Would you transcribe exactly the lines from the beginning of the records below through the line with "Elegantti ja moderni", both included, omitting the pictures?

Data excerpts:
※

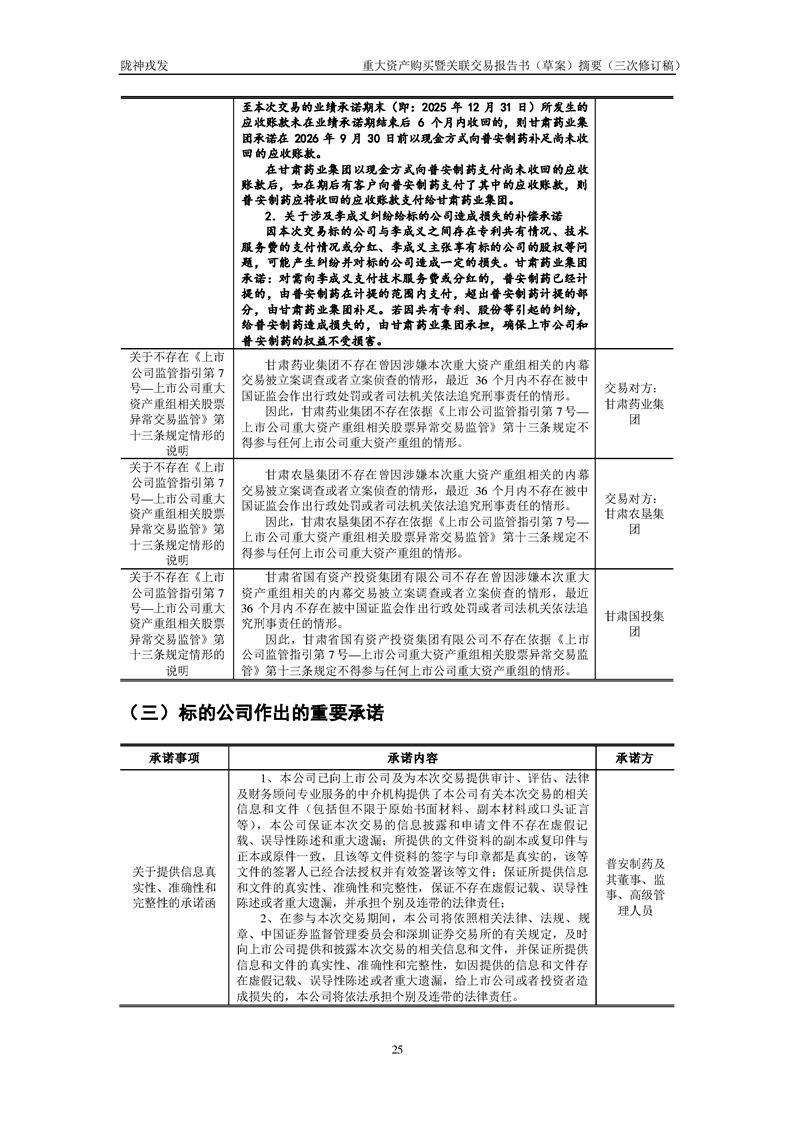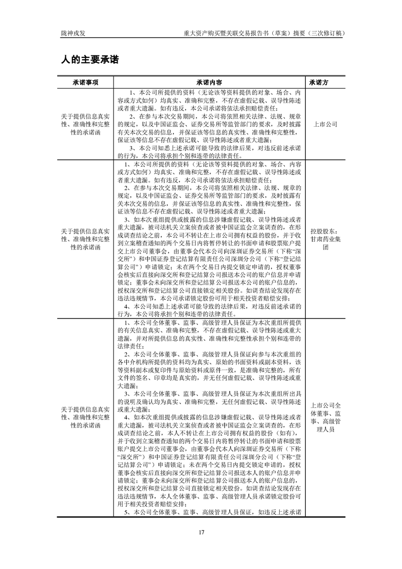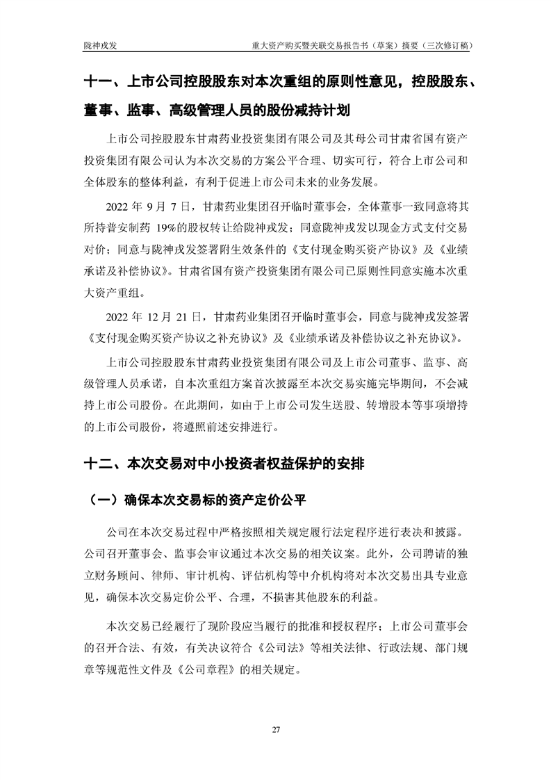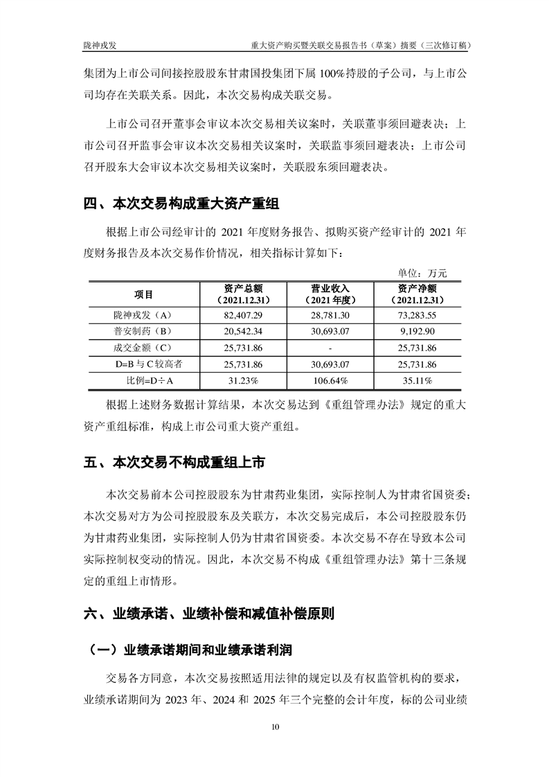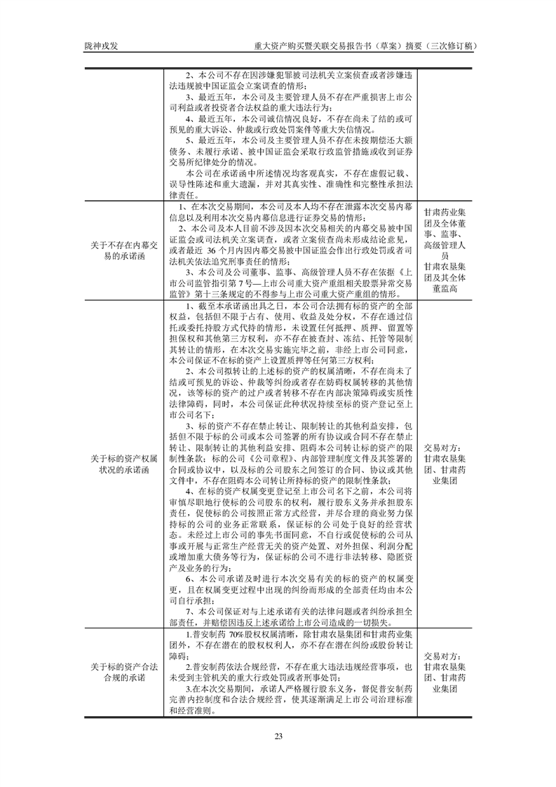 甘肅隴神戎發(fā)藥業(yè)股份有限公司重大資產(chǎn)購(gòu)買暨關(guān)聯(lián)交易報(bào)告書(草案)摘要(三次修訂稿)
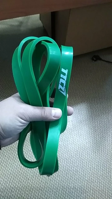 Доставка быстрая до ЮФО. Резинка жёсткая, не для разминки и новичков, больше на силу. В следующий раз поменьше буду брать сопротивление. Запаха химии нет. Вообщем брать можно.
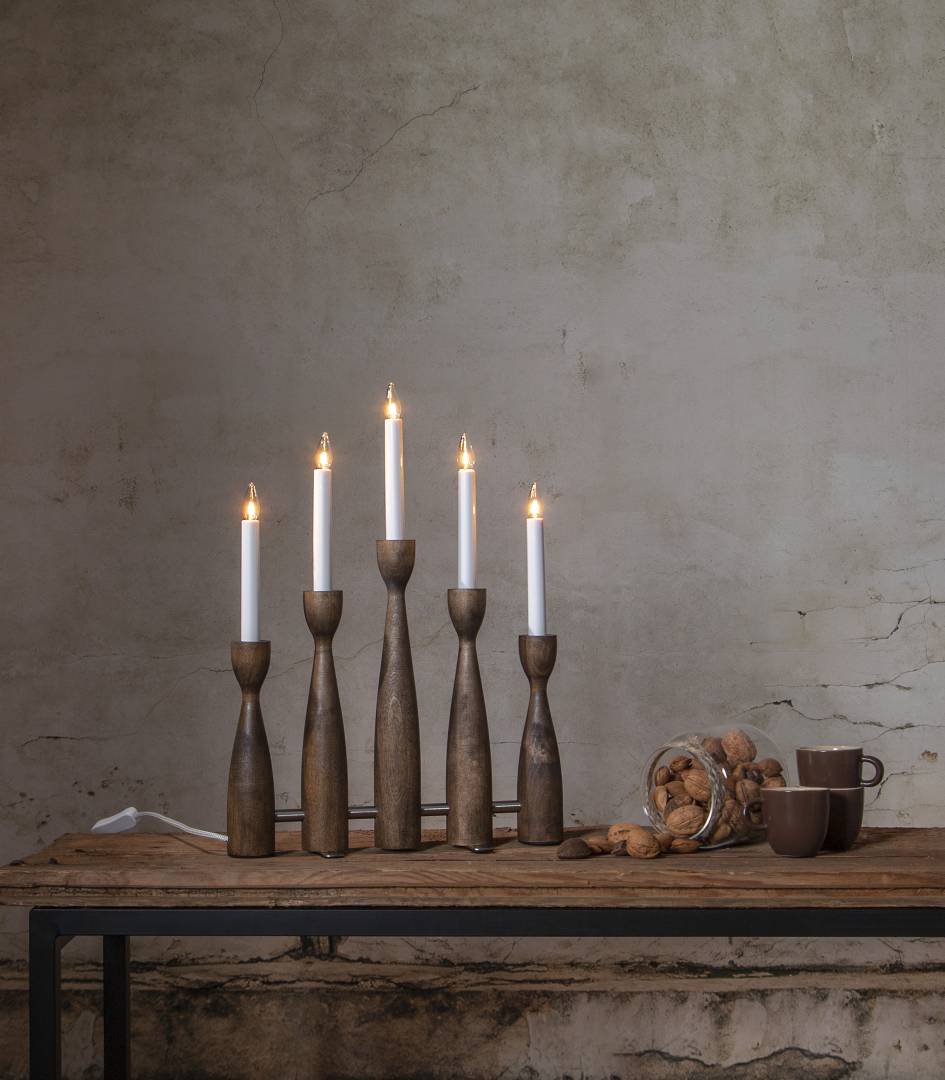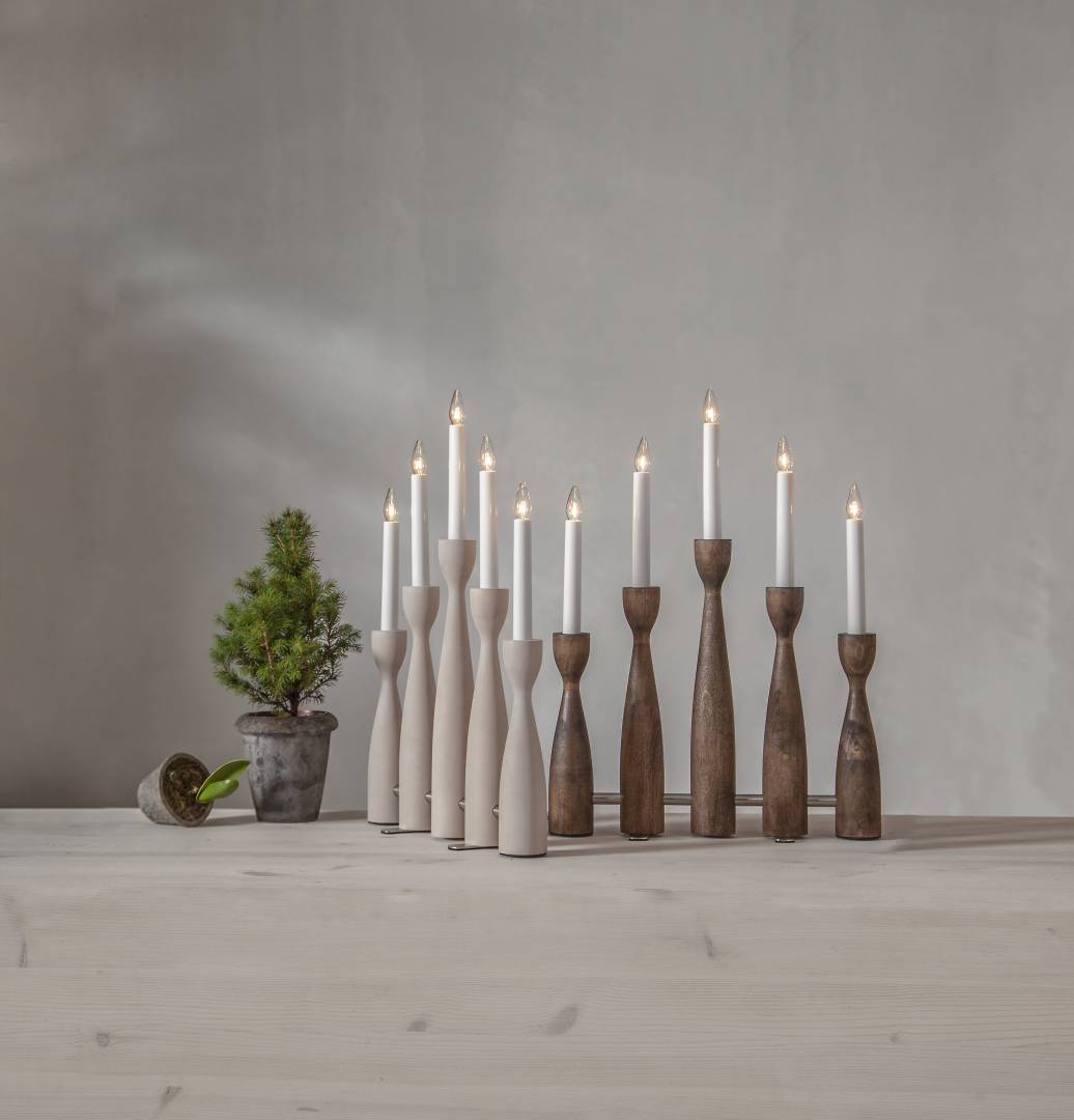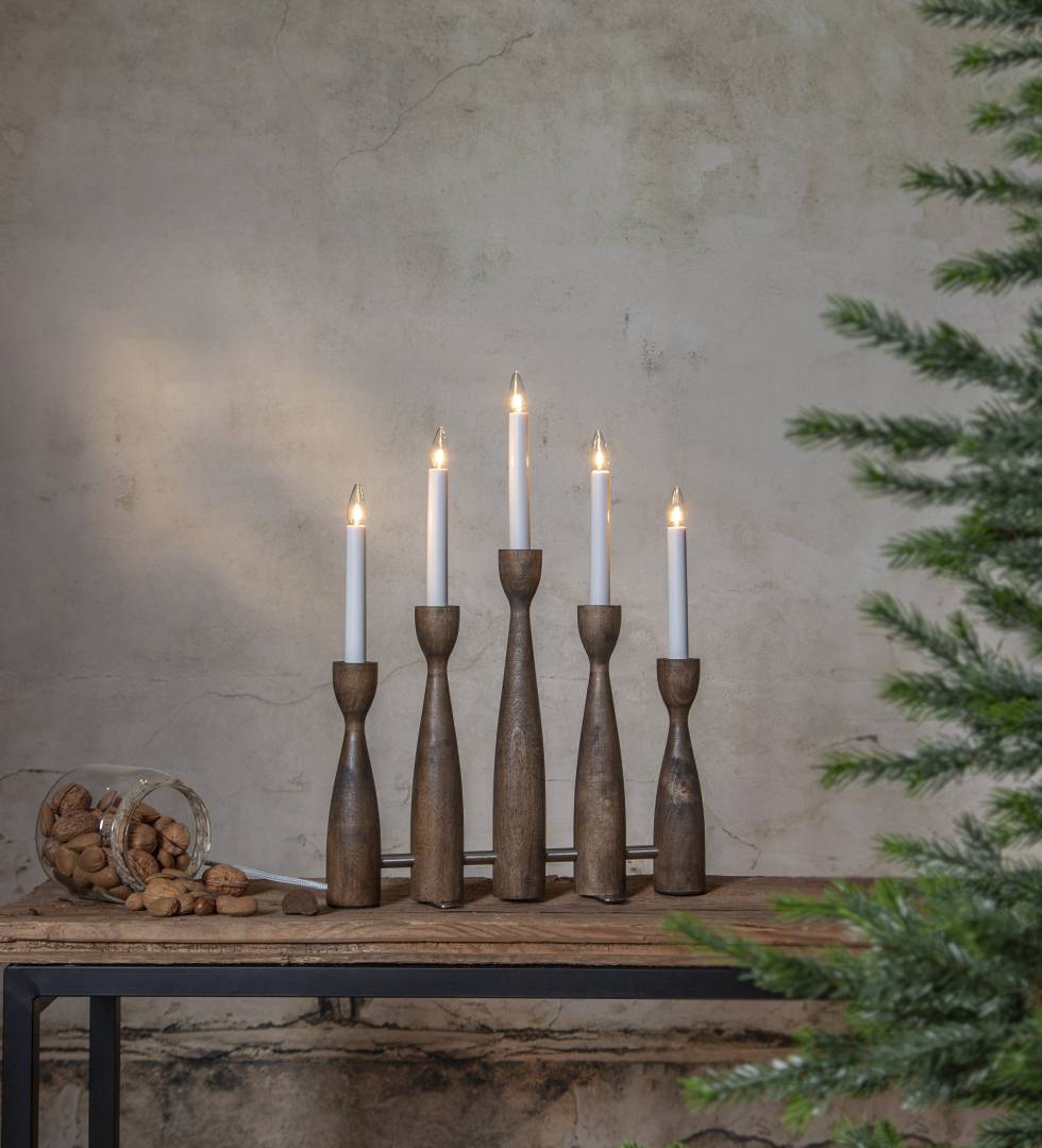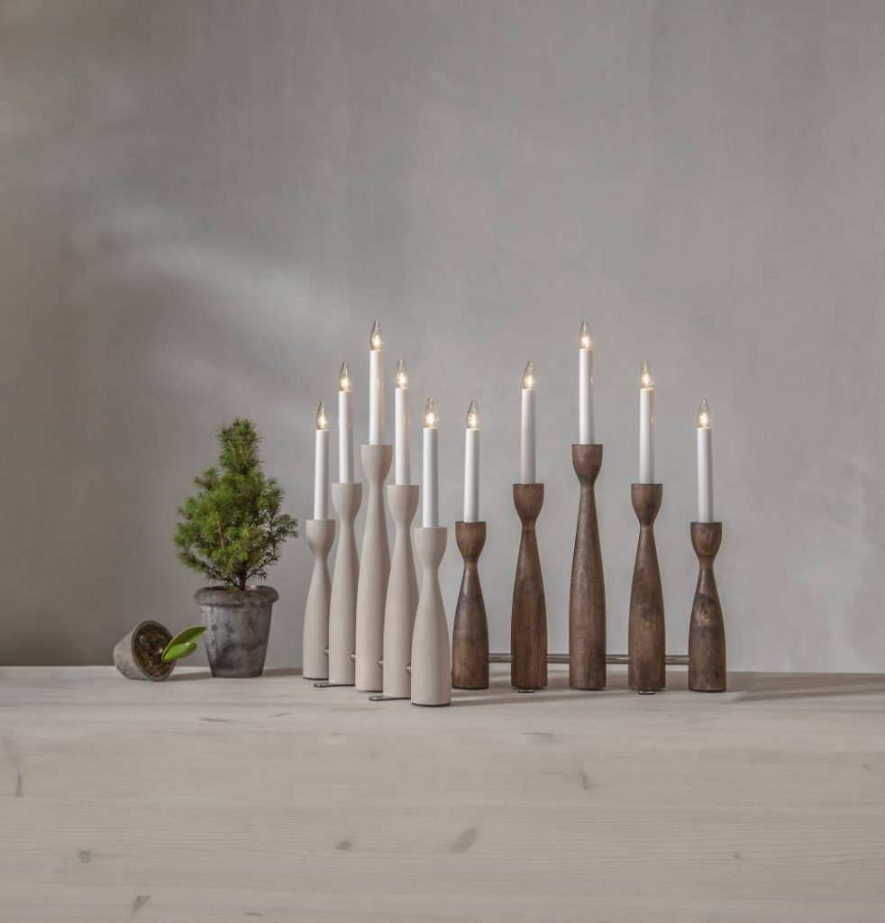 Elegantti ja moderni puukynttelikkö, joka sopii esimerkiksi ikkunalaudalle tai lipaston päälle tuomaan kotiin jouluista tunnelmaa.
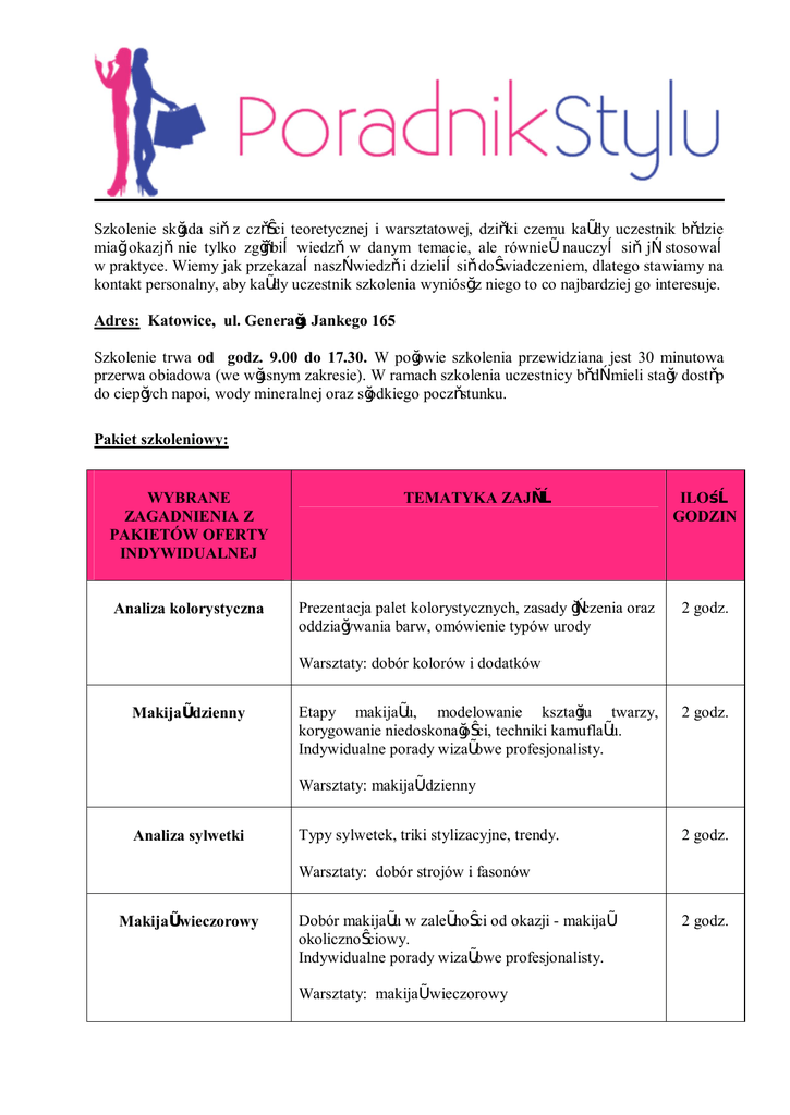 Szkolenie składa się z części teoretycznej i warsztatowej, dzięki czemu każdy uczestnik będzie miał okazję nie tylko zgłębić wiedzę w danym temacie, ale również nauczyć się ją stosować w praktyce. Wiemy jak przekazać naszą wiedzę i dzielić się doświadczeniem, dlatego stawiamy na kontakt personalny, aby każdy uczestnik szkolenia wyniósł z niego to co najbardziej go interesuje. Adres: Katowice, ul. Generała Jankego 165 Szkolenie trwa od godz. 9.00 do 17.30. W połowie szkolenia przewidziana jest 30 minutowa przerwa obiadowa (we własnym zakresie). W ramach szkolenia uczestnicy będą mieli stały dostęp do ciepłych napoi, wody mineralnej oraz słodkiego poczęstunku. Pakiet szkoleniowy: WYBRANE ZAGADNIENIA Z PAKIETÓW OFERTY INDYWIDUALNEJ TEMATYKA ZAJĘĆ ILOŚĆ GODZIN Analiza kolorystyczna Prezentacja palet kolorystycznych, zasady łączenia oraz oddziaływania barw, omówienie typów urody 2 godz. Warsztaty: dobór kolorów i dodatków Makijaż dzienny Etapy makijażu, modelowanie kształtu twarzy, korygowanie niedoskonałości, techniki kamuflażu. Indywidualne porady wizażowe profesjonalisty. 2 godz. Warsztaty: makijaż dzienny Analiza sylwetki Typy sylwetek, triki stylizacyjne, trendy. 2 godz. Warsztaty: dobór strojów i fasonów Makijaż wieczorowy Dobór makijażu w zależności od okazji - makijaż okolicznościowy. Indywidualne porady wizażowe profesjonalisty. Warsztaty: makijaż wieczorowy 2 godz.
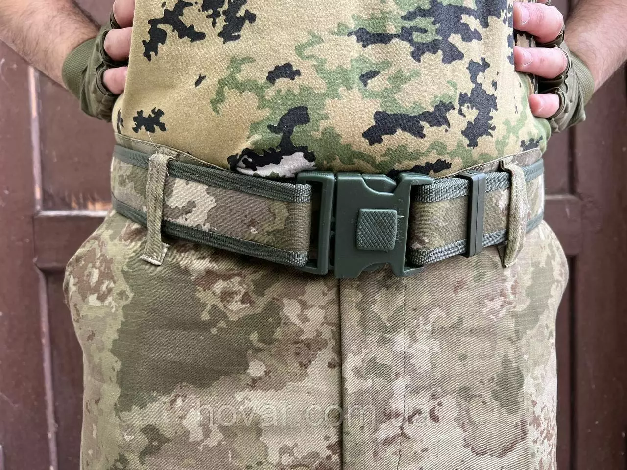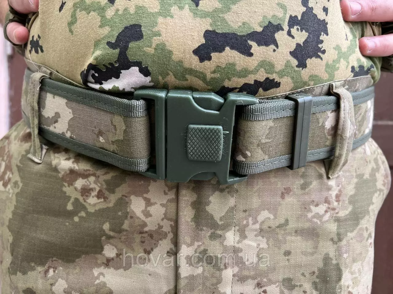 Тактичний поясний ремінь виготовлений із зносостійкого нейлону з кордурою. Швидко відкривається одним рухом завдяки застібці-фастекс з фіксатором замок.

※

■ **Answer box**:
 甘肅隴神戎發(fā)藥業(yè)股份有限公司重大資產(chǎn)購(gòu)買暨關(guān)聯(lián)交易報(bào)告書(草案)摘要(三次修訂稿)
 Доставка быстрая до ЮФО. Резинка жёсткая, не для разминки и новичков, больше на силу. В следующий раз поменьше буду брать сопротивление. Запаха химии нет. Вообщем брать можно.
 Elegantti ja moderni puukynttelikkö, joka sopii esimerkiksi ikkunalaudalle tai lipaston päälle tuomaan kotiin jouluista tunnelmaa.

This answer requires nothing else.